• **Problem**
Give again, exactly as written, the lines of the records below from the line with "Alle varie specie" to the line with "기부자님이 사용한 기부포인트". Both end lines count; pictures do not.

• **Given records**
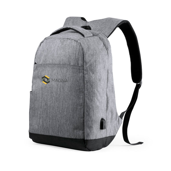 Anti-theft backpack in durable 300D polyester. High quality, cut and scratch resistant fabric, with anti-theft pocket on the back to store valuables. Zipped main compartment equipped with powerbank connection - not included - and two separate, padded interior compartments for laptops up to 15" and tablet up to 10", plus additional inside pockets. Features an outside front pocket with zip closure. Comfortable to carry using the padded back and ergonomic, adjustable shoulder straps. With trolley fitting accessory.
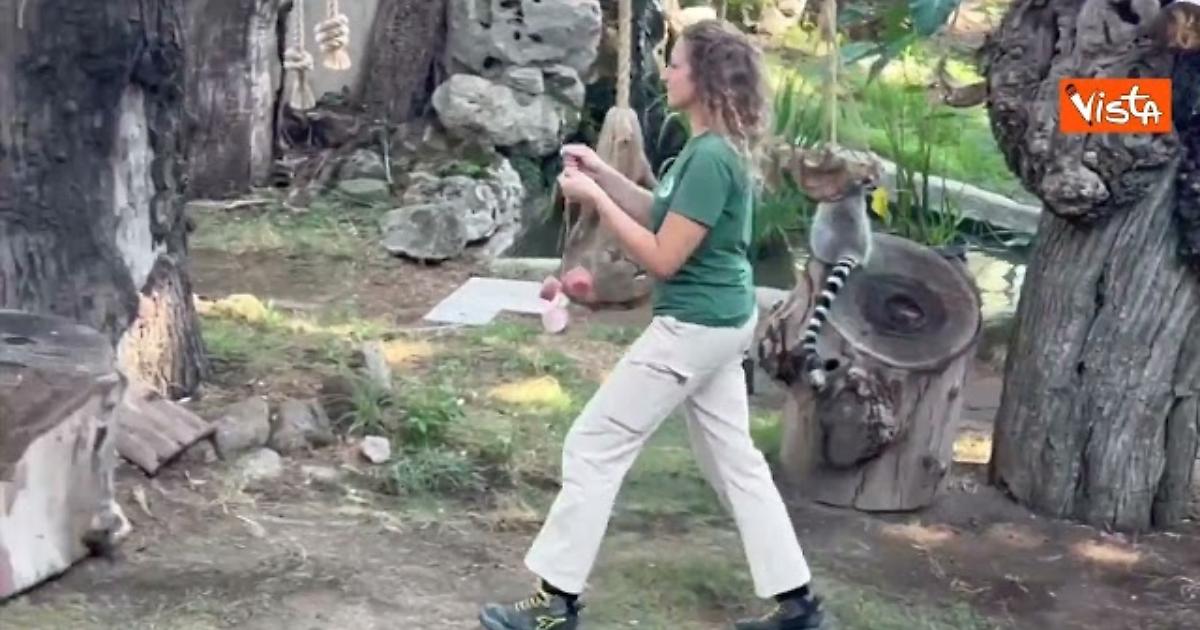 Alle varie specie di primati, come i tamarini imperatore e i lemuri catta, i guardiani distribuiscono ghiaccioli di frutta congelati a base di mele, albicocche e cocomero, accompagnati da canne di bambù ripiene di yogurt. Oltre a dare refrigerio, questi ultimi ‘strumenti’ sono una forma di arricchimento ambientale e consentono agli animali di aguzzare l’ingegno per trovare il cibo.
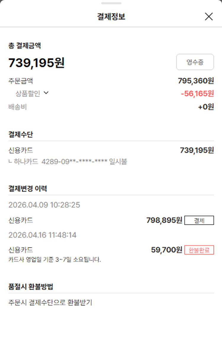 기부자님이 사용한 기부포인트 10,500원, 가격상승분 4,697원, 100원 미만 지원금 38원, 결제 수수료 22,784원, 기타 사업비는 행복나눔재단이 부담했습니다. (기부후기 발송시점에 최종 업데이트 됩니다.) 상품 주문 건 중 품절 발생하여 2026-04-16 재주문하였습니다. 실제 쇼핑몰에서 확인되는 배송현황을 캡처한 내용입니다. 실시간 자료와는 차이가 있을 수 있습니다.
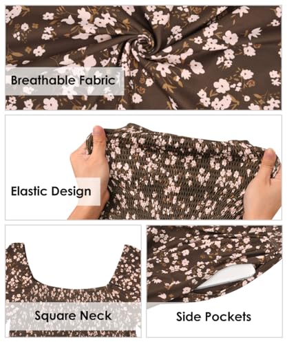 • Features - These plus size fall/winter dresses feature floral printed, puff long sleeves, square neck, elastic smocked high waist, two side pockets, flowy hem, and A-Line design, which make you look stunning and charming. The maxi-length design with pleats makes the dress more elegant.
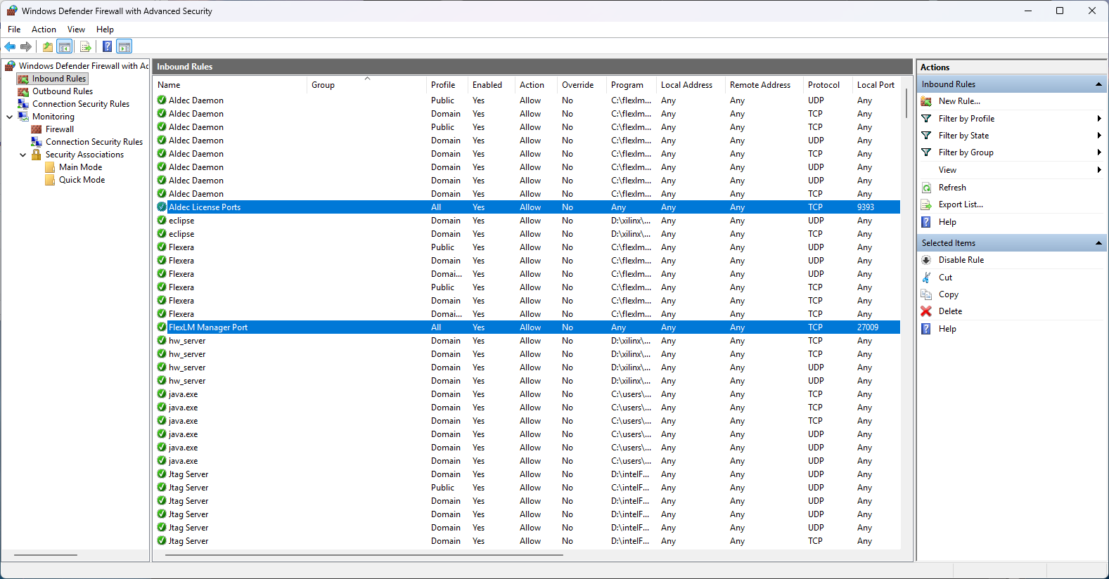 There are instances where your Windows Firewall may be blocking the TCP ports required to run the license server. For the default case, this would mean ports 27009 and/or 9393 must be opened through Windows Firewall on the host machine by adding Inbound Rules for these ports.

• **Exercise answer**
 Alle varie specie di primati, come i tamarini imperatore e i lemuri catta, i guardiani distribuiscono ghiaccioli di frutta congelati a base di mele, albicocche e cocomero, accompagnati da canne di bambù ripiene di yogurt. Oltre a dare refrigerio, questi ultimi ‘strumenti’ sono una forma di arricchimento ambientale e consentono agli animali di aguzzare l’ingegno per trovare il cibo.
 기부자님이 사용한 기부포인트 10,500원, 가격상승분 4,697원, 100원 미만 지원금 38원, 결제 수수료 22,784원, 기타 사업비는 행복나눔재단이 부담했습니다. (기부후기 발송시점에 최종 업데이트 됩니다.) 상품 주문 건 중 품절 발생하여 2026-04-16 재주문하였습니다. 실제 쇼핑몰에서 확인되는 배송현황을 캡처한 내용입니다. 실시간 자료와는 차이가 있을 수 있습니다.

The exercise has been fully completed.